Can recursion be dynamic programming?

Question

I was asked to use dynamic programming to solve a problem. I have mixed notes on what constitutes dynamic programming. I believe it requires a "bottom-up" approach, where smallest problems are solved first.

One thing I have contradicting information on, is whether something can be dynamic programming if the same subproblems are solved more than once, as is often the case in recursion.

For instance. For Fibonacci, I can have a recursive algorithm:

RecursiveFibonacci(n)
if (n=1 or n=2)
    return 1
else
    return RecursiveFibonacci(n-1) + RecursiveFibonacci(n-2)

In this situation, the same sub-problems may be solved over-and-over again. Does this render it is not dynamic programming? That is, if I wanted dynamic programming, would I have to avoid resolving subproblems, such as using an array of length n and storing the solution to each subproblem (the first indices of the array are 1, 1, 2, 3, 5, 8, 13, 21)?

Fibonacci(n)
F1 = 1
F2 = 1
for i=3 to n
    Fi=Fi-1 + Fi-2
return Fn

Answer 1

Dynamic programs can usually be succinctly described with recursive formulas.

But if you implement them with simple recursive computer programs, these are often inefficient for exactly the reason you raise: the same computation is repeated. Fibonacci is a example of repeated computation, though it is not a dynamic program.

There are two approaches to avoiding the repetition.

1. Memoization. The idea here is to cache the answer computed for each set of arguments to the recursive function and return the cached value when it exists.

2. Bottom-up table. Here you "unwind" the recursion so that results at levels less than i are combined to the result at level i. This is usually depicted as filling in a table, where the levels are rows.

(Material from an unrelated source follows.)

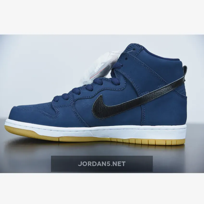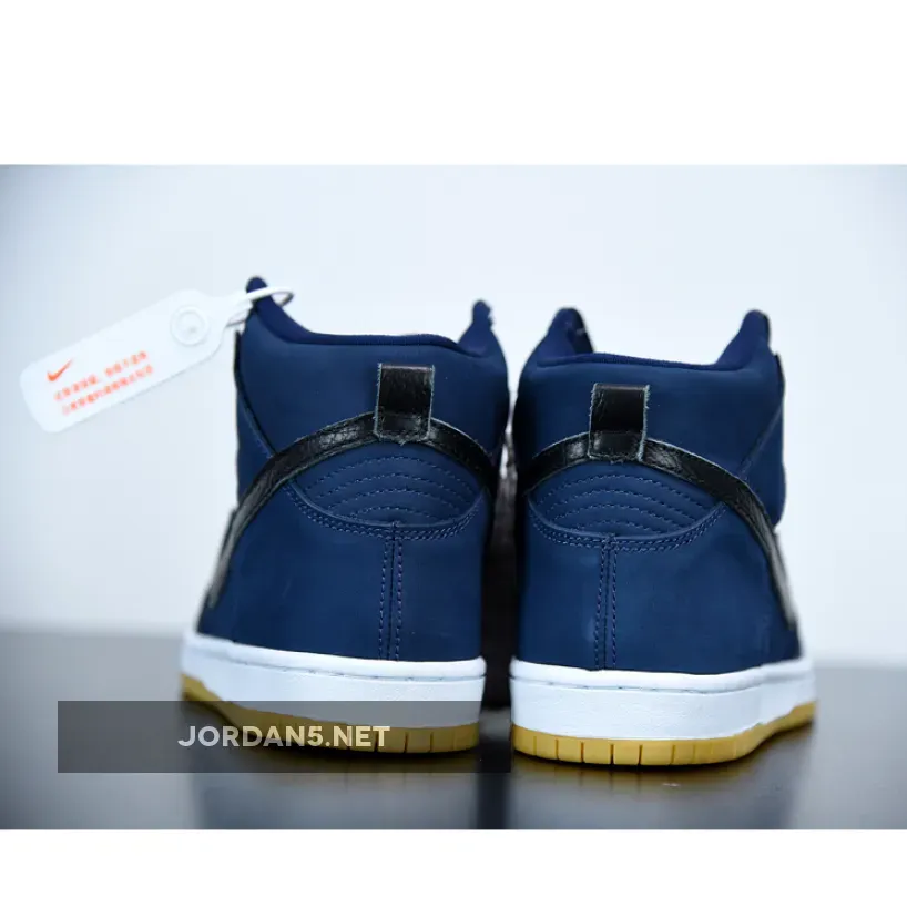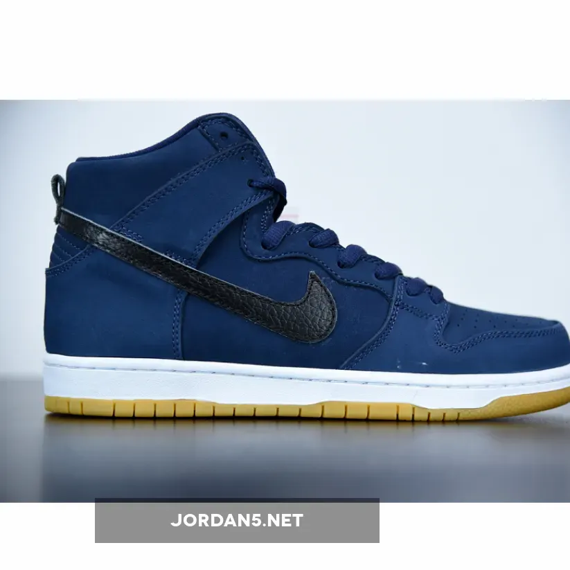 Black laces and leather side swooshes interrupt the navy scheme that takes over the rest of the upper. Underfoot, sole units indulge in a tried-and-proven white midsole/light gum brown outsole combination, which also appeared on the low-top SB Dunk. As is customary of these skateshop-exclusive shoes, the label on the tongue should don orange branding.

One of these methods is implied for any DP algorithm. If computations are repeated, the algorithm isn't a DP. So the answer to your question is "yes."

So an example... Let's try the problem of making change of c cents given you have coins with values v_1, v_2, ... v_n, using a minimum number of coins.

Let N(c) be the minimum number of coins needed to make c cents. Then one recursive formulation is

N(c) = 1 + min_{i = 1..n} N(c - v_i) 

The base cases are N(0)=0 and N(k)=inf for k<0.

To memoize this requires just a hash table mapping c to N(c).

In this case the "table" has only one dimension, which is easy to fill in. Say we have coins with values 1, 3, 5, then the N table starts with

• N(0) = 0, the initial condition.
• N(1) = 1 + min(N(1-1), N(1-3), N(1-5) = 1 + min(0, inf, inf) = 1
• N(2) = 1 + min(N(2-1), N(2-3), N(2-5) = 1 + min(1, inf, inf) = 2
• N(3) = 1 + min(N(3-1), N(3-3), N(3-5) = 1 + min(2, 0, inf) = 1

You get the idea. You can always compute N(c) from N(d), d < c in this manner.

In this case, you need only remember the last 5 values because that's the biggest coin value. Most DPs are similar. Only a few rows of the table are needed to get the next one.

The table is k-dimensional for k independent variables in the recursive expression.

Answer 2

We think of a dynamic programming approach to a problem if it has

1. overlapping subproblems
2. optimal substructure

In very simple words we can say dynamic programming has two faces, they are top-down and bottom-up approaches.

In your case, it is a top-down approach if you are talking about the recursion. In the top-down approach, we will try to write a recursive solution or a brute-force solution and memoize the results so that we will try to use that result when a similar subproblem arrives, so it is brute-force + memoization. We can achieve that brute-force approach with a simple recursive relation.